What are the common Unrealistic expectations from Stock Markets ? 

The stock market can be an exciting and potentially lucrative place to invest your money, but it's important to keep your expectations realistic. Here are some unrealistic expectations that you should avoid:

1. Expecting guaranteed returns

2. Expecting to get rich quick

3. Expecting to always beat the market

4. Expecting to invest without risk

5. Expecting to have all the answers

How much is an ideal return from stock market trading?

There is no ideal return from stock market trading.

Historically, the long-term average annual return of the global stock markets have been around 10%, although this figure can vary significantly depending on the time period and specific index or stocks being analyzed. 

Ultimately, the ideal return from stock market trading will depend on an individual's specific investment goals and risk tolerance. 

Can you make 20% per annum is stock markets or more than that ?

It is possible to make a 20% return per annum in the stock market, but it is important to note that such returns are not guaranteed and can vary widely depending on market conditions, investment strategy, and other factors. 

Some investors have been able to achieve such returns over the long-term by taking on higher levels of risk and investing in high-growth stocks or sectors. 

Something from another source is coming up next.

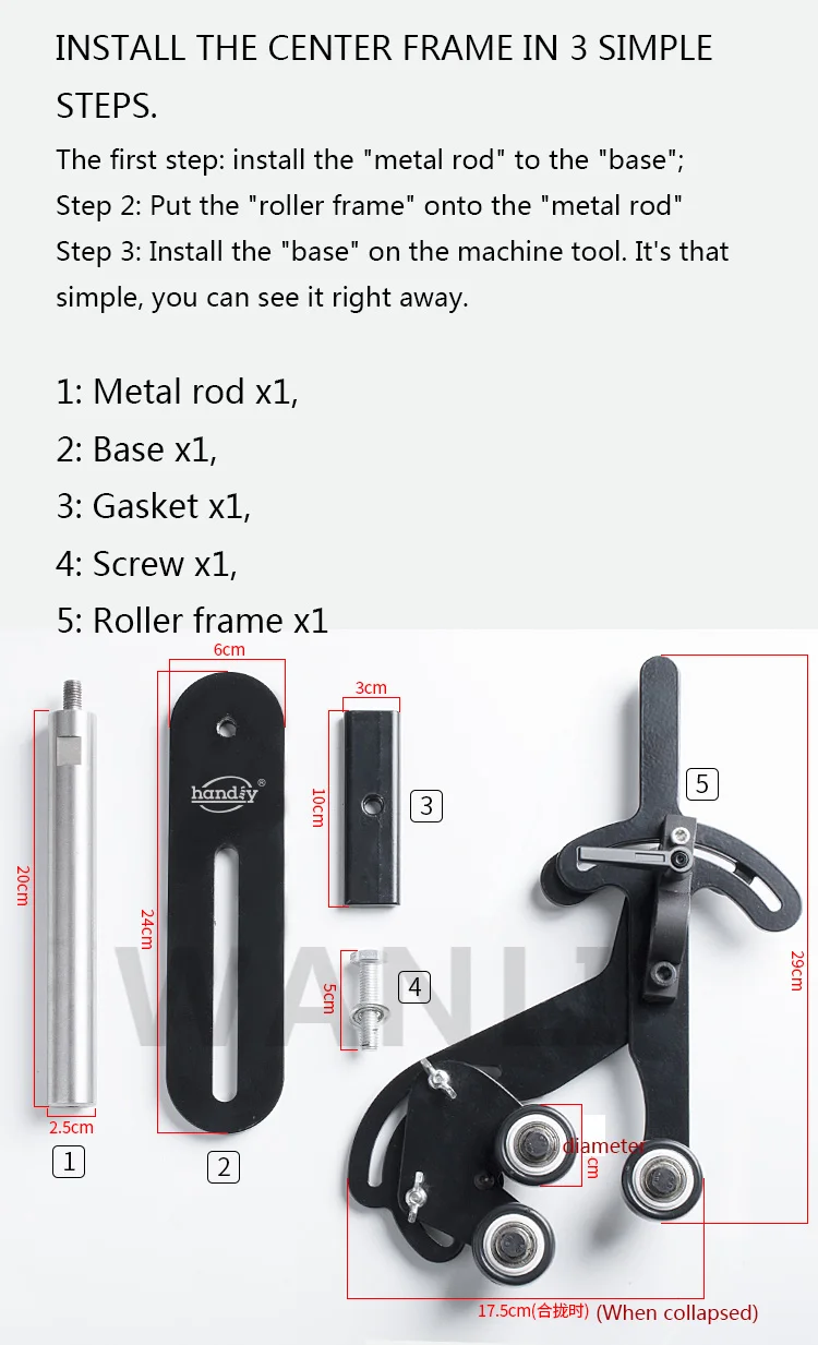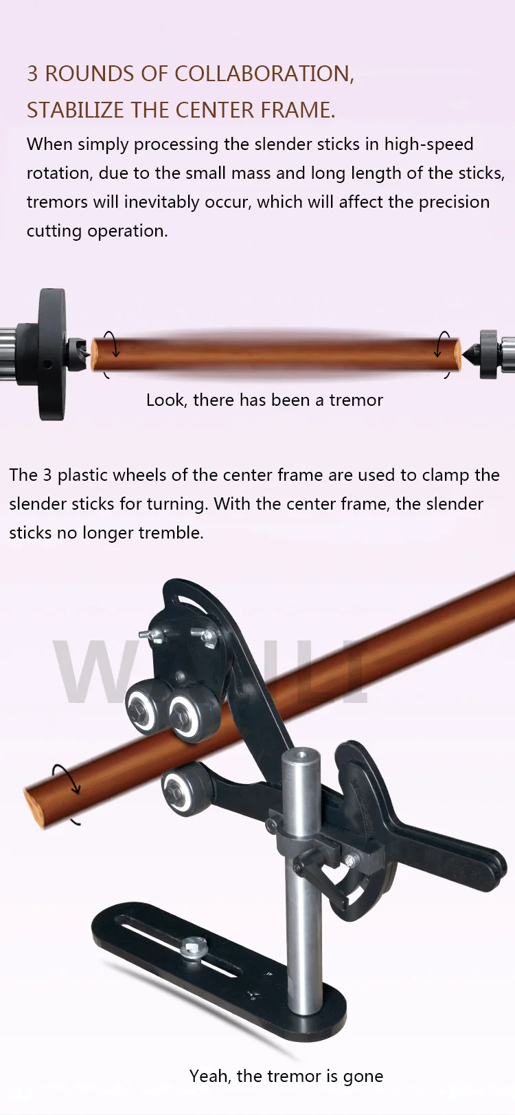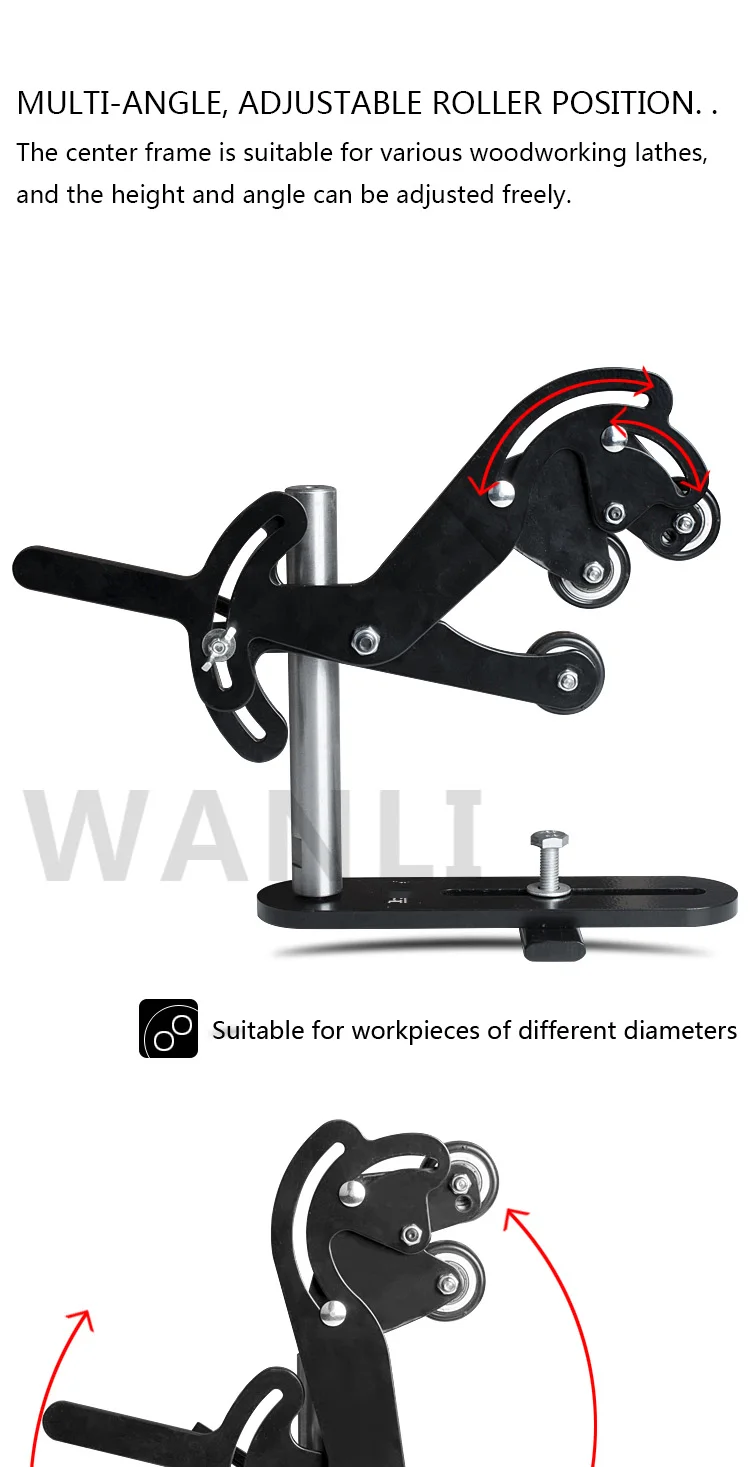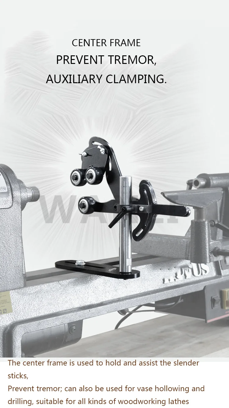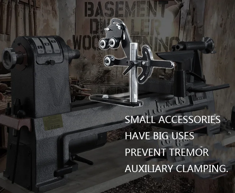 Hochwertige dreifüßige Mittel- und Werkzeugauflage mit Holzschraube und vibrationsdämpfender Halterung für die Mittelauflage einer Holzdrehmaschine

Realistically if you are making more than 18% per annum you are a king as said by ace investor RAKESH JHUNJHUNWALA.

Should you leave your job and become a stock market trader?

It is a significant decision that should be made after careful consideration of your financial situation, skills, risk tolerance, and investment goals.

Before making a decision to become a full-time stock market trader, it may be beneficial to start by building your skills and experience through part-time trading or by investing a portion of your savings in the market. This can help you get a better sense of your abilities and risk tolerance before making a full-time commitment.

What are the historical returns of Indian stock markets?

The historical returns of the Indian stock markets can be measured by looking at the performance of benchmark indices such as the BSE Sensex and NSE Nifty. 

The BSE Sensex has delivered an average annual return of around 14% over the last 20 years, while the NSE Nifty has delivered an average annual return of around 12% over the same period.

However, it is important to note that these returns are not guaranteed and can vary widely depending on market conditions and other factors. 

Should you take loan / borrow money and start trading in stock markets?

It is generally not advisable to take out a loan to start trading in the stock market. Trading in the stock market can be risky, and borrowing money to invest in stocks can amplify that risk.

While it is possible to earn high returns in the stock market, there is also a risk of losing money. If you take out a loan to invest in the stock market and the market goes down, you may be left with a significant amount of debt and no means to repay it.

Additionally, taking on debt to invest in the stock market can put you in a precarious financial situation if you are unable to generate sufficient returns to cover your loan payments.

If you are considering investing in the stock market, it is generally advisable to do so with money that you can afford to lose, such as savings or disposable income.

Why is psychology more important for stock market trading? 

Psychology is an important factor in stock market trading because it can have a significant impact on an investor's decision-making process. Successful stock market trading requires discipline, patience, and emotional control, all of which are related to an investor's psychological makeup.

Successful investors are able to manage their emotions and avoid making impulsive decisions based on fear or greed. They also maintain a long-term perspective and avoid being swayed by short-term market fluctuations or noise.

Who should not trade in stock markets ?

While stock market trading can be a good investment strategy for many people, there are certain individuals who may not be well-suited for this type of investment. Some examples of people who may not want to trade in the stock market include:

1. Those who do not have sufficient savings or emergency funds

2. Those who are unable to handle risk

3. Those who do not have the time or expertise to conduct thorough research

4. Those who are unable to manage their emotions

Who are stock market finfluencers?

Stock market "finfluencers" (short for financial influencers) are individuals who have built a significant following on social media platforms, such as Twitter, Instagram, and YouTube, by providing investment advice, analysis, and market commentary. 

While some finfluencers provide valuable insights and analysis, it is important to approach their advice with a critical eye and conduct thorough research before making any investment decisions. 

It is also important to keep in mind that majority of finfluencers are not qualified investment professionals, and their advice may not be suitable for everyone.

How much % of traders really make money in stock market as per latest report of SEBI?

Approx. 90% of traders incurred average losses of approx. 1.25 lakhs per annum as per the recent report from SEBI for the year 2022.